The authors of a response to an article critiquing the use of the term “terminal anorexia” retracted their letter last month after receiving major backlash from researchers, healthcare providers, and people with eating disorders.
“Regardless of inequities in care, terminal anorexia nervosa exists: a response to Sharpe et. al,” which defended the use of the term, was published May 20 in the Journal of Eating Disorders.
The letter was a response to “Inaccessibility of care and inequitable conceptions of suffering: a collective response to the construction of “terminal” anorexia nervosa,” an article published earlier in the month in the same journal by researchers with lived experiences of eating disorders. The article outlined methodological problems with the criteria for diagnosis of a “terminal eating disorder” put forward in “Terminal anorexia nervosa: three cases and proposed clinical characteristics,” a previous paper by two of the authors of the response letter.
The response was retracted on July 17. Its retraction note reads:
The authors have retracted this article following discussions with multiple stakeholders. The authors offer their deepest apologies for the distress and the unintended negative impact of this piece.
The original response is no longer available online but can be viewed on an archived version of the page.
In an email to Retraction Watch, Joel Yager, the first author of the retracted response, said:
We retracted the letter following conversations with involved and affected parties after we better understood how they were impacted by our language in this response letter. But please understand that we remain dedicated to continuing to help encourage compassionate and critical conversations about this patient population.
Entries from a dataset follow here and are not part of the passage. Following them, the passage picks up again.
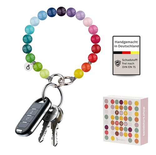 beadstars Nyckelkedja av träpärlor med karbinhake – 25 cm nyckelring eller mobiltelefonkedja – perfekt för nycklar, plånbok, kompatibel med Apple iPhone och Samsung, Regnbåge, Rainbow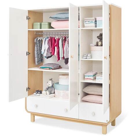 Grande armoire avec ferrures Ă fermeture souple, 5 Ă©tagères rĂ©glables en hauteur et 1 tringle Ă vĂŞtements, en dĂ©cor : Ă©rable et uni, blanc, dimensions : L 145 x P 54 x H 183 cm. Cette armoire spacieuse est Ă©quipĂ©e de tiroirs Ă fermeture automatique et de ferrures Ă fermeture souple, de sorte que les tiroirs et les portes se ferment doucement et silencieusement. Des Ă©tagères supplĂ©mentaires pour le cabinet sont disponibles en option. Equipement initial idĂ©al pour la chambre d’enfant moderne. Round » est le parfait mĂ©lange de design rĂ©tro branchĂ© et d’influences scandinaves.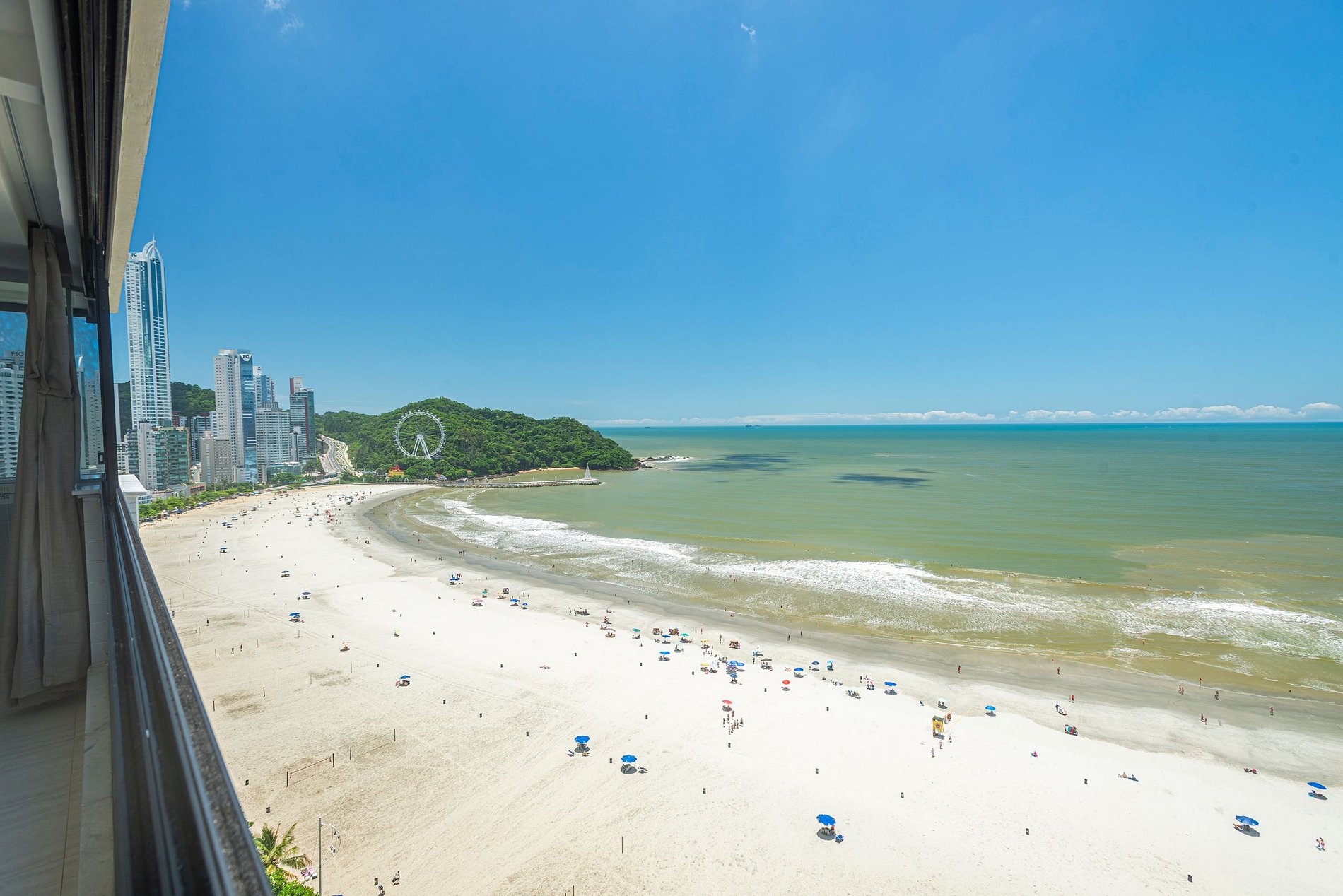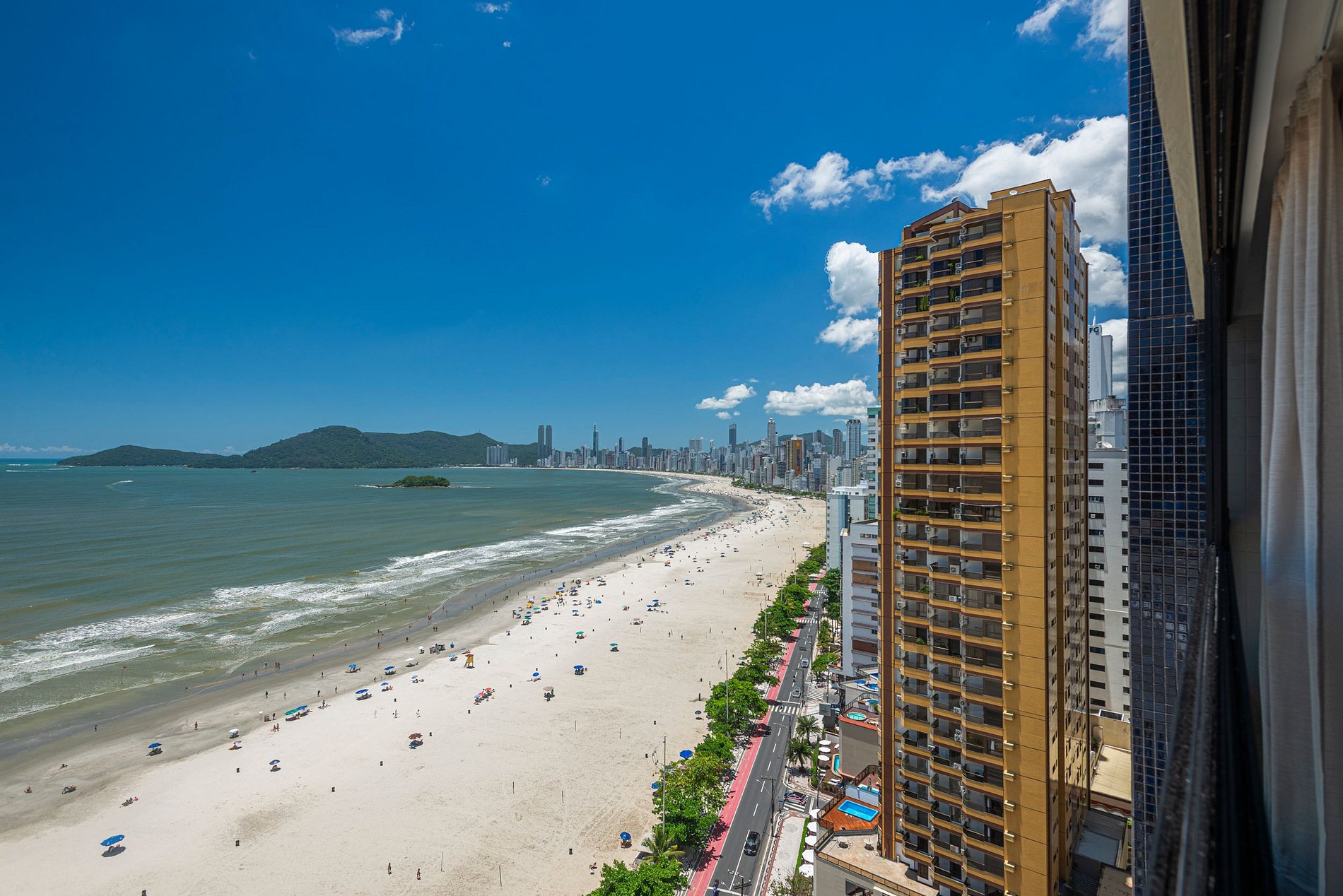 Beira mar! O condomínio fica em frente à praia central de Balneário Camboriú.

We stand by our advocacy for the rare yet highly deserving population of adults who cannot survive their anorexia nervosa and thus deserve the full and compassionate care that anyone with a terminal illness is due.
The response letter prompted immediate backlash online, with James Downs tweeting:
In an email to Retraction Watch, Downs, who is a psychological therapist, researcher, and a person with a longstanding eating disorder, wrote:
Aside from some of the arguments made, the tone and personal nature of the response disturbed me the most. For instance, the insinuation that authors with lived experience of the subject are less aware of the realities of the deaths of patients with anorexia than clinicians and academics was highly condescending, I was particularly concerned that the response appeared to make a psychological interpretation of Sharpe et al.’s argument as a product of the “anorexic voice”, which felt to me like a misuse of clinical authority, publicly evoking the supposed-psychopathology those within a vulnerable population as a rhetorical device.
Others also felt the letter did not address the main points of the article to which it was responding. Sam Sharpe, the first author of that article, wrote in an email to Retraction Watch:
The publication by Yager et al. 2023 did not engage with the core components of our thesis and appeared to constitute an attempt to undermine the credibility of our team and other lived experience researchers that, without supporting evidence, likely doesn’t have a place in academic discussion.
Scout Silverstein, another author of the Sharpe et al. article, told Retraction Watch that they and the other authors of the article agree that there are rare situations in which anorexia is deadly, and that people in this situation deserve compassion:
Many of us agree that a fraction of people diagnosed with Anorexia Nervosa will experience a critical stage of illness that may lead to death, and that those people deserve death with dignity. Our concerns about the original paper by Gaudiani et al. are its methodological flaws, failure to account for systemic inequities, and its lack of foresight in understanding the implications of introducing this diagnostic criteria in this manner.
Although the authors offer an apology in the retraction notice, Marissa Adams, another author of the Sharpe et al. article, pointed to an article in The Guardian in which Jennifer Gaudiani, an author on both papers advocating for establishing criteria for “terminal anorexia,” said, “I know for a fact that this advocacy is correct and that these individuals deserve to be cared for compassionately at the end of their lives.”
The co-editors in chief of the journal, Phillipa Hay and Stephen Touyz, did not respond to an email from Retraction Watch.
Selene Cary, publishing director of fully open access journals at Springer Nature, told us:
This article was retracted at the request of the authors, after they raised concerns about potential unintended negative impacts of the correspondence following discussions with multiple stakeholders. We took the concerns raised very seriously and concluded that retraction and removal of the correspondence from the journal website was the most appropriate and responsible action to take.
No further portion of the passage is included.